**Assignment**.
What is needed is an exact reproduction of the lines in the records below, starting at the line with "GCR Кабель 1.0m" and ending at the line with "Top Tip! Make", both included, and nothing else; pictures stay out.

**Material for this task**.
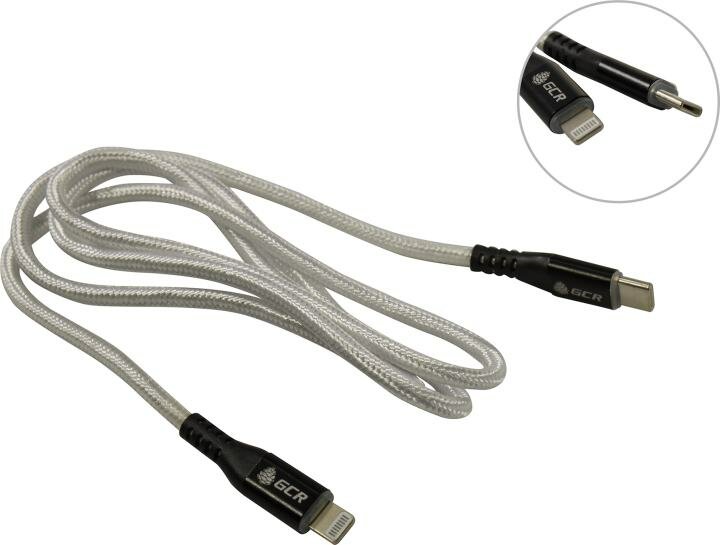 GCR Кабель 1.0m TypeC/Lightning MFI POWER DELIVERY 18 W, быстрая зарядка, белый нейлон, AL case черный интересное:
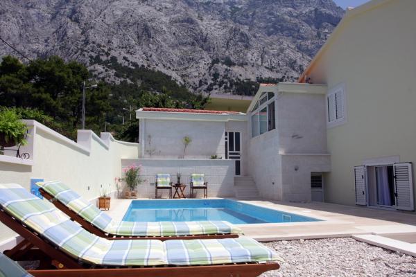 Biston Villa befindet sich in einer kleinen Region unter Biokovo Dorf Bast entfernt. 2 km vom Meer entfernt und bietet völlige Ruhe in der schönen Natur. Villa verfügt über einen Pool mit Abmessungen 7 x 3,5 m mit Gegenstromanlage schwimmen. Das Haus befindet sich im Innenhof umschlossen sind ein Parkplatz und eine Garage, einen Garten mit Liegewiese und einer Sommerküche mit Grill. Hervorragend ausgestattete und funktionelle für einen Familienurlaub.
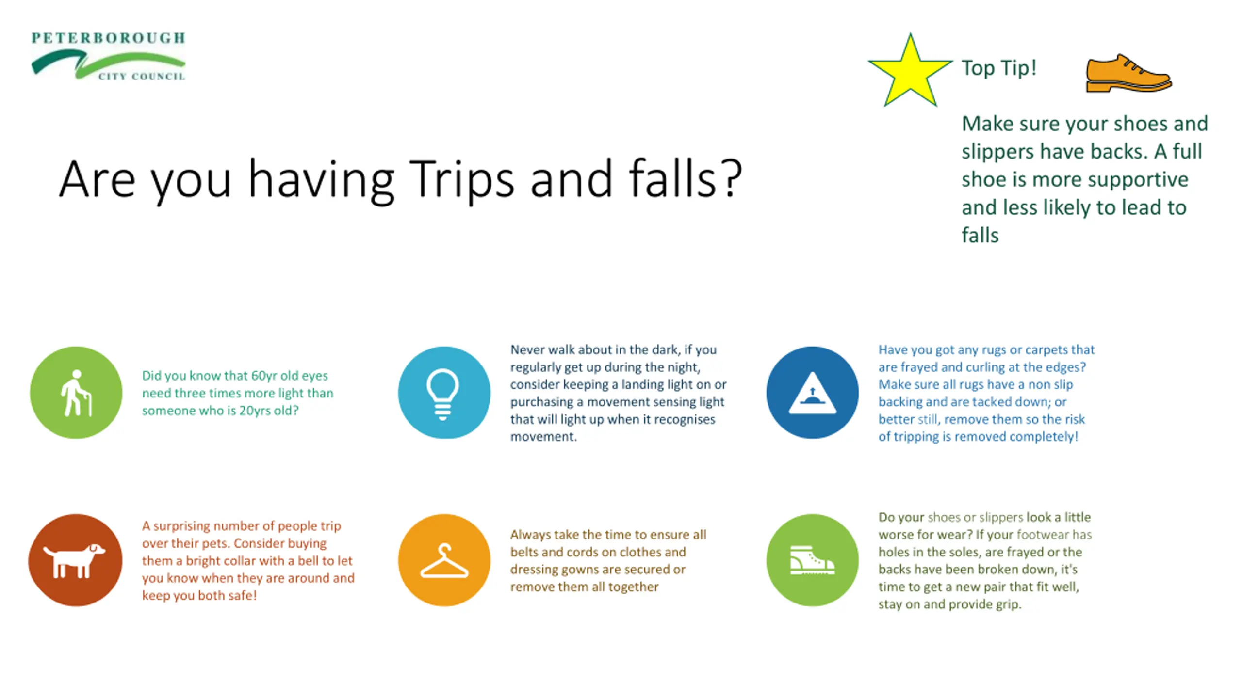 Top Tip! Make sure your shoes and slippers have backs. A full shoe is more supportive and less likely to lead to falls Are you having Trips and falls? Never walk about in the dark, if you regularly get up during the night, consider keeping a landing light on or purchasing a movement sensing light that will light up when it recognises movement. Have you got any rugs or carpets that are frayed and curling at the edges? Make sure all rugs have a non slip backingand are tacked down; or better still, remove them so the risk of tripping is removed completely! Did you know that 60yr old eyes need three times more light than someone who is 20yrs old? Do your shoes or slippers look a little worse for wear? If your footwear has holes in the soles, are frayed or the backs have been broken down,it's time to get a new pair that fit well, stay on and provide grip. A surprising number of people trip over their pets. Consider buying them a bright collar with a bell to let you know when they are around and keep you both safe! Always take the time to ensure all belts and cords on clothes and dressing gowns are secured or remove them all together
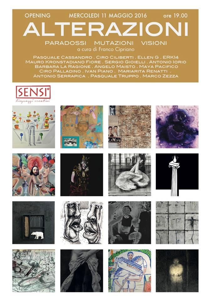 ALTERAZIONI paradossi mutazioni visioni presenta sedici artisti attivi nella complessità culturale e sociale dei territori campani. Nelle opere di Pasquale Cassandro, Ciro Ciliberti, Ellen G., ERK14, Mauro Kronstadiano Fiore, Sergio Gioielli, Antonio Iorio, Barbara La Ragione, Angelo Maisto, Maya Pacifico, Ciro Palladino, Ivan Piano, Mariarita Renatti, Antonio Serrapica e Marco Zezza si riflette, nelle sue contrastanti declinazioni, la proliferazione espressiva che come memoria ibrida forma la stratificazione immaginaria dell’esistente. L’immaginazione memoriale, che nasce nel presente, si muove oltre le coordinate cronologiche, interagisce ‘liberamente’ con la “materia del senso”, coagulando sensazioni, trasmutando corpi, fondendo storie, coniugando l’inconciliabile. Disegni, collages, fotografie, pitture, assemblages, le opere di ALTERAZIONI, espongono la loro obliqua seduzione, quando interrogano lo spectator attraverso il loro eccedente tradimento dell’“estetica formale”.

---

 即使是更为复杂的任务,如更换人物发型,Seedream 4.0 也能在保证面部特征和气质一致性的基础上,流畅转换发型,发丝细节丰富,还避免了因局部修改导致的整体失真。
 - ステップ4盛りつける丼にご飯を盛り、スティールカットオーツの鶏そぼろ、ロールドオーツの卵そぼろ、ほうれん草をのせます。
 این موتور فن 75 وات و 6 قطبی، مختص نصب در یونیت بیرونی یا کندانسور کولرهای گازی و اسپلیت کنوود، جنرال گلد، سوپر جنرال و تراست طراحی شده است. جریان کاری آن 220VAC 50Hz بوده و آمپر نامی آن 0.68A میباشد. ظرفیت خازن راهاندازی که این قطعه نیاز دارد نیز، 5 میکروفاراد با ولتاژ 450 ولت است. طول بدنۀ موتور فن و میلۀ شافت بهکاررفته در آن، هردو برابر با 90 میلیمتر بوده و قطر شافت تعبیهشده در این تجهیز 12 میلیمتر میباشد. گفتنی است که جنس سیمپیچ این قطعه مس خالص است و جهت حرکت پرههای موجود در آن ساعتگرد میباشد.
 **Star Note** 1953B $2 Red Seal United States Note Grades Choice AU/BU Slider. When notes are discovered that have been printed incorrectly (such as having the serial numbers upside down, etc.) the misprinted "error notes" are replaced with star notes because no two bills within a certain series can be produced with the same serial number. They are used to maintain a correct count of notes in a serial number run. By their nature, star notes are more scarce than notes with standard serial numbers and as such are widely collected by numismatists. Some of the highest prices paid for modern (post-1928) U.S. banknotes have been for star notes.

**Answer to the exercise**.
 GCR Кабель 1.0m TypeC/Lightning MFI POWER DELIVERY 18 W, быстрая зарядка, белый нейлон, AL case черный интересное:
 Biston Villa befindet sich in einer kleinen Region unter Biokovo Dorf Bast entfernt. 2 km vom Meer entfernt und bietet völlige Ruhe in der schönen Natur. Villa verfügt über einen Pool mit Abmessungen 7 x 3,5 m mit Gegenstromanlage schwimmen. Das Haus befindet sich im Innenhof umschlossen sind ein Parkplatz und eine Garage, einen Garten mit Liegewiese und einer Sommerküche mit Grill. Hervorragend ausgestattete und funktionelle für einen Familienurlaub.
 Top Tip! Make sure your shoes and slippers have backs. A full shoe is more supportive and less likely to lead to falls Are you having Trips and falls? Never walk about in the dark, if you regularly get up during the night, consider keeping a landing light on or purchasing a movement sensing light that will light up when it recognises movement. Have you got any rugs or carpets that are frayed and curling at the edges? Make sure all rugs have a non slip backingand are tacked down; or better still, remove them so the risk of tripping is removed completely! Did you know that 60yr old eyes need three times more light than someone who is 20yrs old? Do your shoes or slippers look a little worse for wear? If your footwear has holes in the soles, are frayed or the backs have been broken down,it's time to get a new pair that fit well, stay on and provide grip. A surprising number of people trip over their pets. Consider buying them a bright collar with a bell to let you know when they are around and keep you both safe! Always take the time to ensure all belts and cords on clothes and dressing gowns are secured or remove them all together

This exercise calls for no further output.